Patterns, not anecdotes
The first time an agent does something strange, you open the trace. You read the tool calls top to bottom, find the one that went sideways, and you have your answer for that run. The problem is that one trace is an anecdote. The question that actually moves the needle is the aggregate one: how often does this happen, to which agent, after which step, and is it getting worse this week than last?
You can't scroll your way to that answer. Eyeballing traces one at a time is fine at ten runs and useless at ten thousand. To see a failure mode - not a failure instance - you need to treat your traces as data and ask questions of the whole population at once. That is what querying agent traces in SQL gives you: a way to count, group, rank and trend across every run instead of inspecting them individually.
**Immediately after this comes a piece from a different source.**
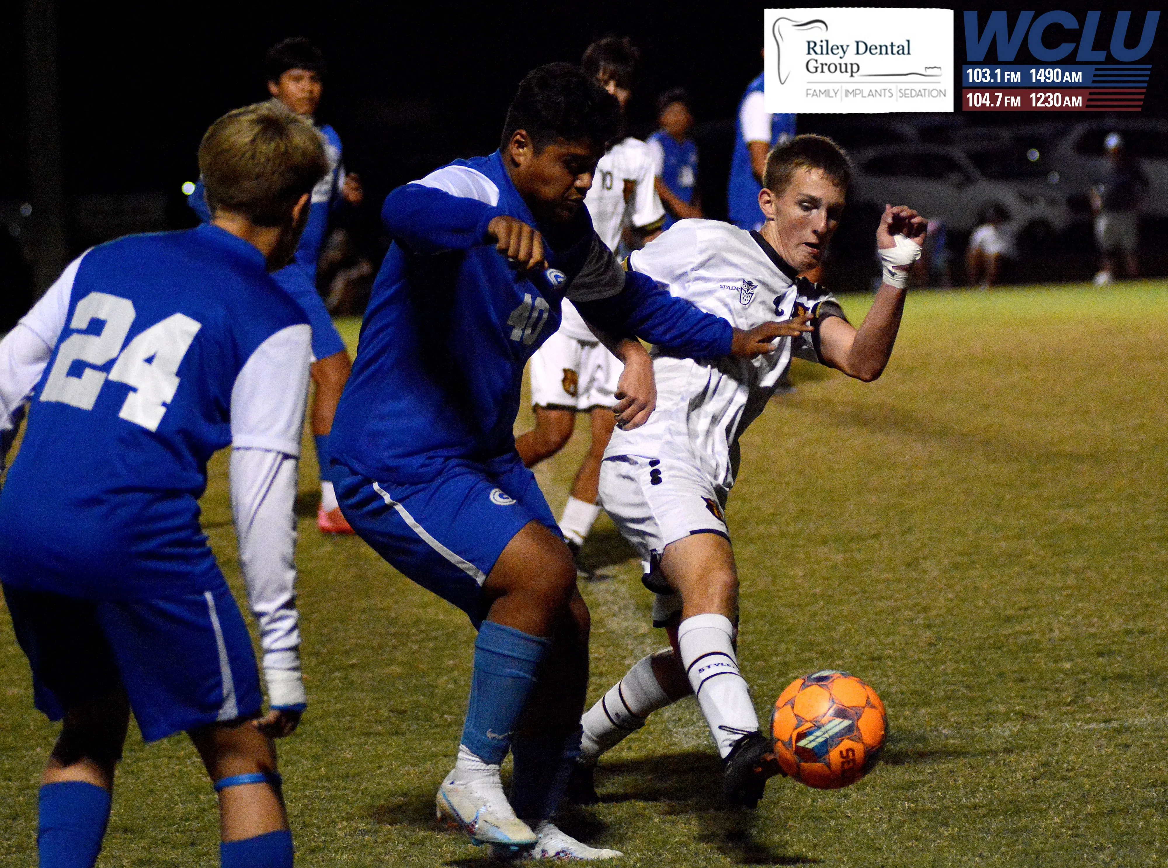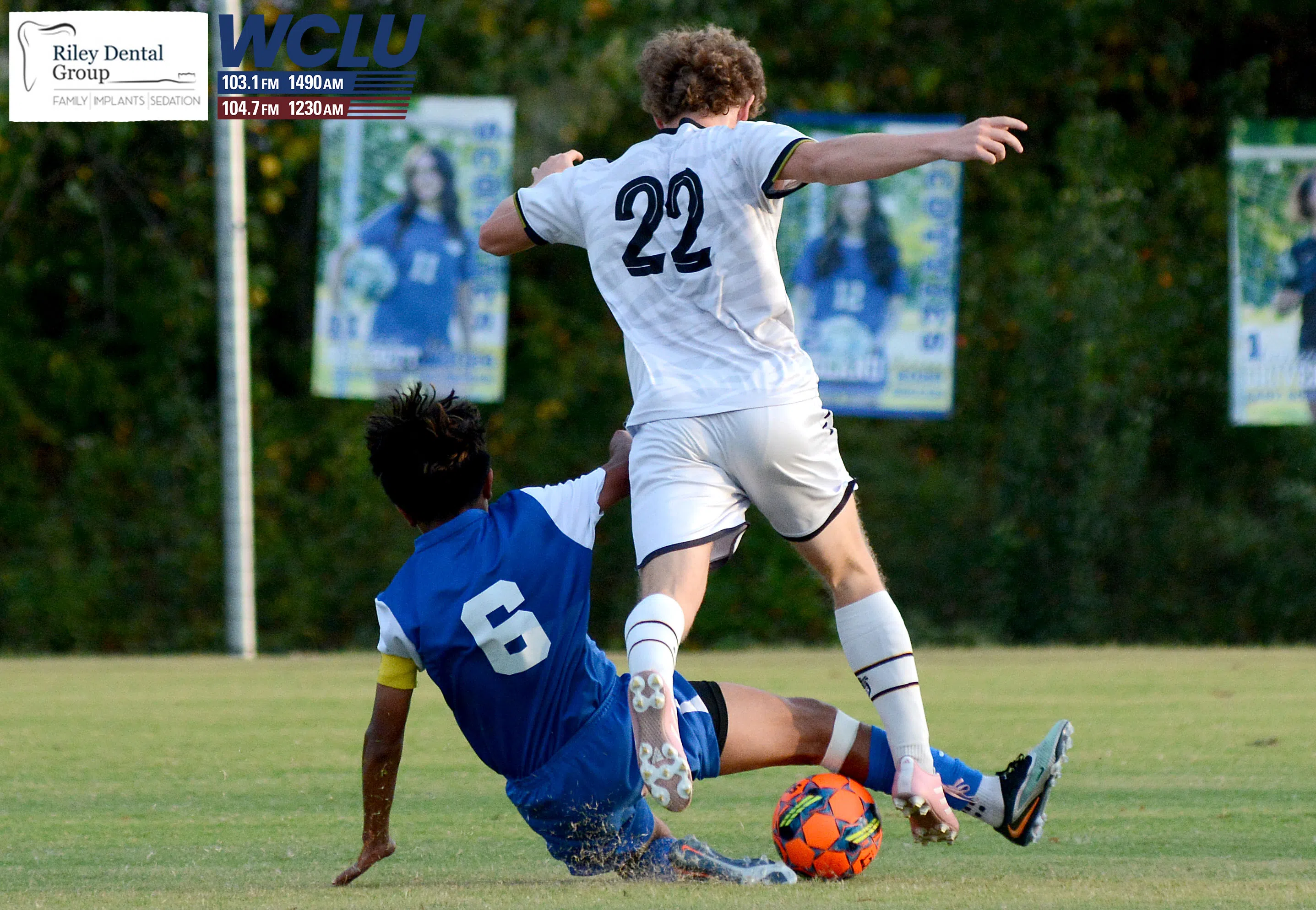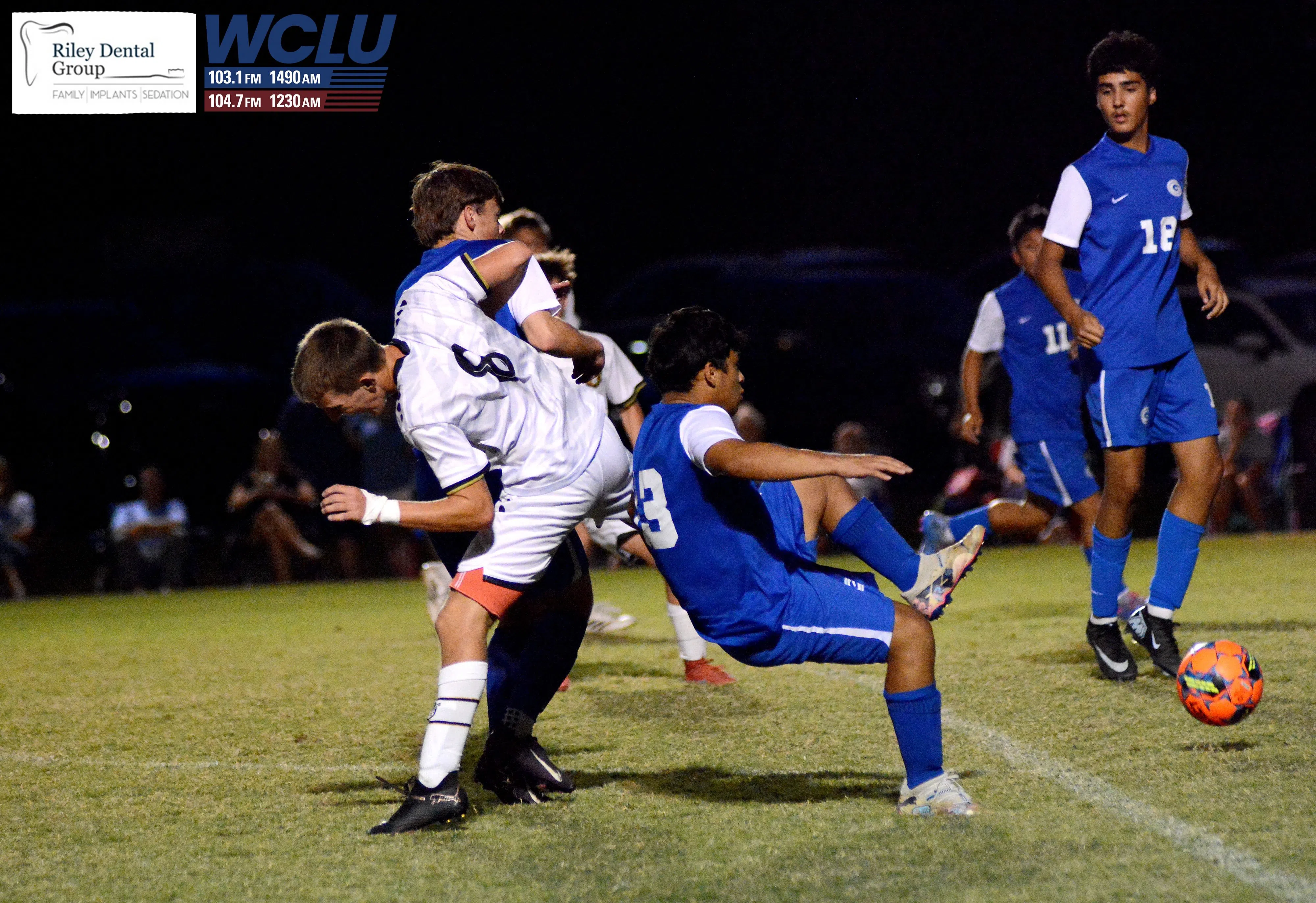 Glasgow’s Ronaldo Puldon attempts to get to the ball as Barren County’s Jacob Dooley grabs it. Glasgow won, 6-2. Auggie Brown/WCLU Sports

agenteye is the observability half of failproof ai. It records everything your agents do and exposes it as queryable tables, so the jump from “this one run looks wrong” to “here are the 240 runs that share the same failure” is a single query away.
The shift is the same one that observability went through for ordinary services a decade ago. Nobody debugs a fleet by SSHing into one box and reading the log file; you query the logs across every box at once and let the aggregate tell you where to look. Agents are no different. A trace is a log of one run's reasoning, and one run's reasoning is rarely the story. The story is in the distribution - the tail of slow tool calls, the agent whose error rate doubled after a prompt change, the eval that quietly started failing on Tuesday. You only see distributions by querying.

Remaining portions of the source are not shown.